Adapun penggunaannya di dalam rumah dan di dalam gedung, biasanya menimbulkan kesan maskulinitas dan kecanggihan. Meskipun demikian, tidak disarankan untuk mengecat ruangan sepenuhnya hitam, karena akan memberikan perasaan penyempitan dan kecil dan mungkin akan dikaitkan dengan kondisi mental ­tipe depresi . Adapun pertemuan bisnis, hubungannya dengan kerahasiaan berarti tidak sepenuhnya sesuai di luar unsur tertentu.

Namun, penggunaan dekorasi dan unsur hitam sebagai kontras ­akan menghasilkan sensasi ketenangan yang disebutkan di atas. Seperti halnya pakaian, fakta bahwa ia menyerap panas juga dapat dinilai.

Pada tingkat pemasaran dan periklanan, biasanya digunakan dalam merek yan
g berusaha untuk menghasilkan visi keanggunan dan eksklusivitas, kekuatan dan kemurnian. Biasanya dikaitkan dengan kemewahan, bersama dengan emas.

Warna hitam dalam budaya yang berbeda

Arti warna hitam biasanya sama dengan apa yang telah kita bicarakan sebelumnya, tetapi perlu diingat bahwa budaya yang berbeda memiliki hubungan yang berbeda dengan warna tersebut.

Secara khusus, di tempat-tempat gurun, hitam biasanya dikaitkan dengan hujan, dengan awan badai menjadi warna itu. Di Mesir kuno itu adalah ­simbol pertumbuhan dan kesuburan . Saat ini, suku-suku Afrika seperti Masai juga cenderung mengasosiasikan warna hitam dengan kehidupan dan kemakmuran, karena biasanya diasosiasikan dengan hujan.

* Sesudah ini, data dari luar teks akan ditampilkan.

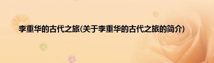 本文关于李重华的古代之旅的简介就讲解完毕,希望对大家有所帮助。
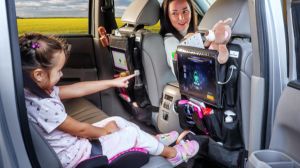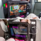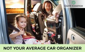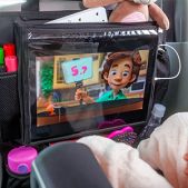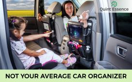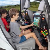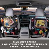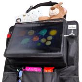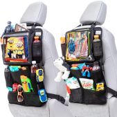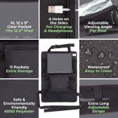 Quint Essence Heavy Duty Car Seat Organizer, Adjustable XL 12.9” Clear Touchscreen Tablet Holder, 11 Storage Pockets Kick Mats Back Seat Protector for kids, car travel accessories (2 Pack)

Budaya lain seperti Jepang menghubungkannya dengan feminitas, serta ­dengan misteri. Di Cina kuno itu dianggap sebagai raja warna. Budaya ini sering mengasosiasikan hitam dengan unsur air, serta ­dengan masa kanak-kanak. Warna ini dianggap memberi kita kekuatan spiritual, menghubungkan dengan energi yang ­dikenal sebagai chi. Itu juga dianggap indah, sampai-sampai di masa lalu dianggap indah untuk mewarnai gigi dengan warna itu.

Berkenaan dengan agama, agama Kristen sering mengidentikkannya dengan kejahatan, kematian dan kesakitan, meskipun juga menolak materi. Juga dalam kasus Yudaisme ­itu telah dikaitkan dengan kematian dan ketidakbahagiaan, dan dalam kasus Islam itu dikaitkan dengan rasa sakit dan kesedihan (walaupun Ka’bah di Mekah berwarna hitam, diperkirakan awalnya berwarna putih). ternoda oleh dosa manusia). Di India juga dikaitkan dengan kehampaan dan kejahatan, meskipun ini digunakan sebagai perlindungan terhadapnya: dewi Kali memiliki warna kulit ini, menjadi dewi yang berperang melawan kejahatan.